(Exercise instructions)
From the records below, output exactly the lines running from the line containing "[서울=뉴시스] 고승민 기자" through the line containing "This gorgeous hair", and no others.

(Materials provided)
+++++

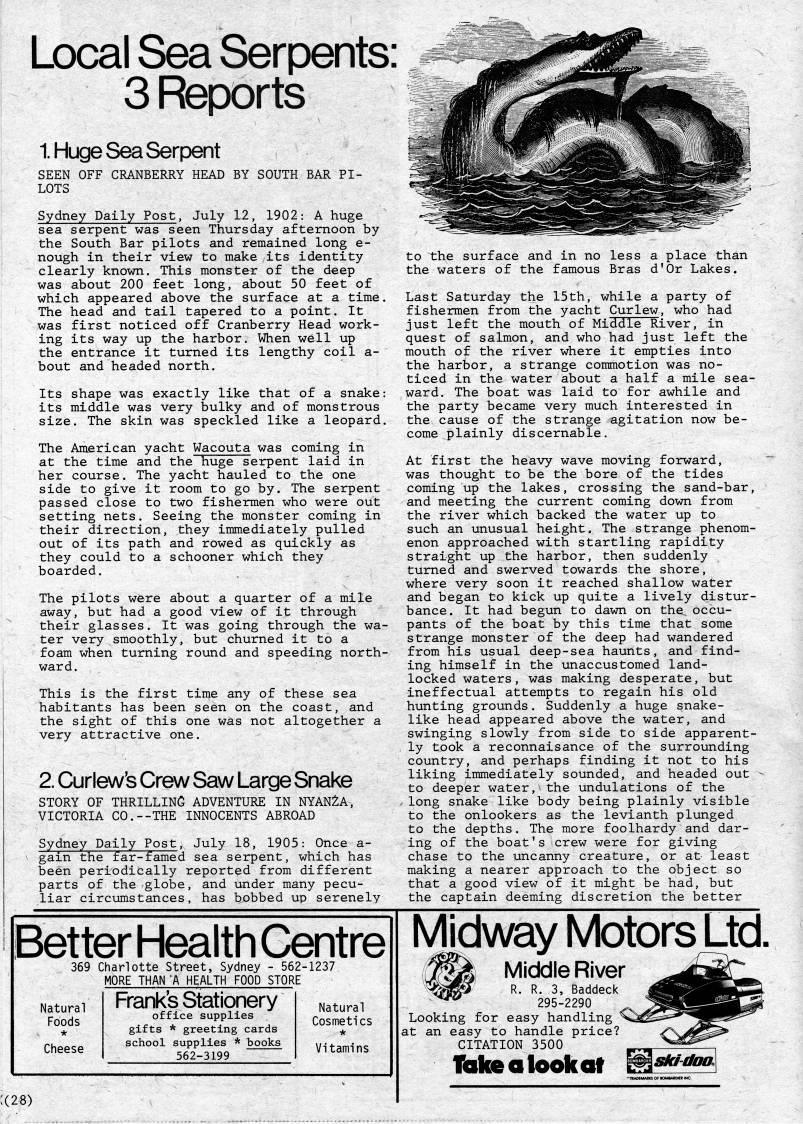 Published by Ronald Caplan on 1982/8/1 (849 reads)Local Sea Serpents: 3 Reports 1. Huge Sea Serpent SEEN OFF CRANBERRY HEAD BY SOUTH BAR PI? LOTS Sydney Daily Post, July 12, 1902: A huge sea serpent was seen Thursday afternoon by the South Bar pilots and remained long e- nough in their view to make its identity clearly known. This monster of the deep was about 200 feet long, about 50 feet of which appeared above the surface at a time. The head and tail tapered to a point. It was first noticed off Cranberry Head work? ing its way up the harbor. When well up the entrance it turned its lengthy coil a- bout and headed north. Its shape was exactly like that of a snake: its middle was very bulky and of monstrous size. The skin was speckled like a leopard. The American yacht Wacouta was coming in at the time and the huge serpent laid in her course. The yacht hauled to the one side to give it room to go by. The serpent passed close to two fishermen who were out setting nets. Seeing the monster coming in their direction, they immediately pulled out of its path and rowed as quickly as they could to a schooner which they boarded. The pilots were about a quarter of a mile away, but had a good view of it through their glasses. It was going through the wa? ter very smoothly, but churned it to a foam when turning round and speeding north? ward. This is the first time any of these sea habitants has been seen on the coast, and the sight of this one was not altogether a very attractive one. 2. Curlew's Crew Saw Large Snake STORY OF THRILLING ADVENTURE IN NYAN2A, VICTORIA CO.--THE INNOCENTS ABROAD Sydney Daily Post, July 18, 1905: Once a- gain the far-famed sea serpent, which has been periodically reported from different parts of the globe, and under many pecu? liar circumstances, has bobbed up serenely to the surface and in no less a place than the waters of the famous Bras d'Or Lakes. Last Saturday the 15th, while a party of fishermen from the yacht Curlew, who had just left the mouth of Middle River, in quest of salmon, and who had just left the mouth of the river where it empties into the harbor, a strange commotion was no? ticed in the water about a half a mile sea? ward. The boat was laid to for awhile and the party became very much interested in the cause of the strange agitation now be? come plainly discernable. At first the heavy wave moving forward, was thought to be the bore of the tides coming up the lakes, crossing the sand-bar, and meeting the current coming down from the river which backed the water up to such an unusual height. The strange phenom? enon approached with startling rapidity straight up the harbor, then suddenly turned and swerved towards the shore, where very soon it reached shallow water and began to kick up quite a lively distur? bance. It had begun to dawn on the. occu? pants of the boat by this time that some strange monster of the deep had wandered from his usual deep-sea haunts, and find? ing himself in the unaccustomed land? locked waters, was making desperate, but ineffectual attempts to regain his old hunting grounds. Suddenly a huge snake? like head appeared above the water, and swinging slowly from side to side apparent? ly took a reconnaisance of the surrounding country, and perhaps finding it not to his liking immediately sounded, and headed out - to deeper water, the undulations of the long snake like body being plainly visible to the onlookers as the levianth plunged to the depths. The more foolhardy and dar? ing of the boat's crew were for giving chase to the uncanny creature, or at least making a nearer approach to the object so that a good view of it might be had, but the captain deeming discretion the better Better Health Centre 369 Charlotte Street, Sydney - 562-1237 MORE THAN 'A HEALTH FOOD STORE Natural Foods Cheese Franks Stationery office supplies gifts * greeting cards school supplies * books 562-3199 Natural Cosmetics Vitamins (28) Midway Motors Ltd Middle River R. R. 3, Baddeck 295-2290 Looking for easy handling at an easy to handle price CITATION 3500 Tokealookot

+++++

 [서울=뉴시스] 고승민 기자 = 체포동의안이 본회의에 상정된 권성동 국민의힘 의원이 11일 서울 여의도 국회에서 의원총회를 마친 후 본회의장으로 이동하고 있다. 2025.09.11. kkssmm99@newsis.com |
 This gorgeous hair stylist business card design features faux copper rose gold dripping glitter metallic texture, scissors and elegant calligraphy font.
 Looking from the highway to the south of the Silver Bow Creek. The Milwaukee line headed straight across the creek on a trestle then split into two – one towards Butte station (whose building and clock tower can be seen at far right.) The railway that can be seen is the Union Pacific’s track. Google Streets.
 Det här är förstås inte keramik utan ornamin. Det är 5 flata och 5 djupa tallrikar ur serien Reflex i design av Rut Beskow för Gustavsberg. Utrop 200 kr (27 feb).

+++++

(Solution to this problem)
 [서울=뉴시스] 고승민 기자 = 체포동의안이 본회의에 상정된 권성동 국민의힘 의원이 11일 서울 여의도 국회에서 의원총회를 마친 후 본회의장으로 이동하고 있다. 2025.09.11. kkssmm99@newsis.com |
 This gorgeous hair stylist business card design features faux copper rose gold dripping glitter metallic texture, scissors and elegant calligraphy font.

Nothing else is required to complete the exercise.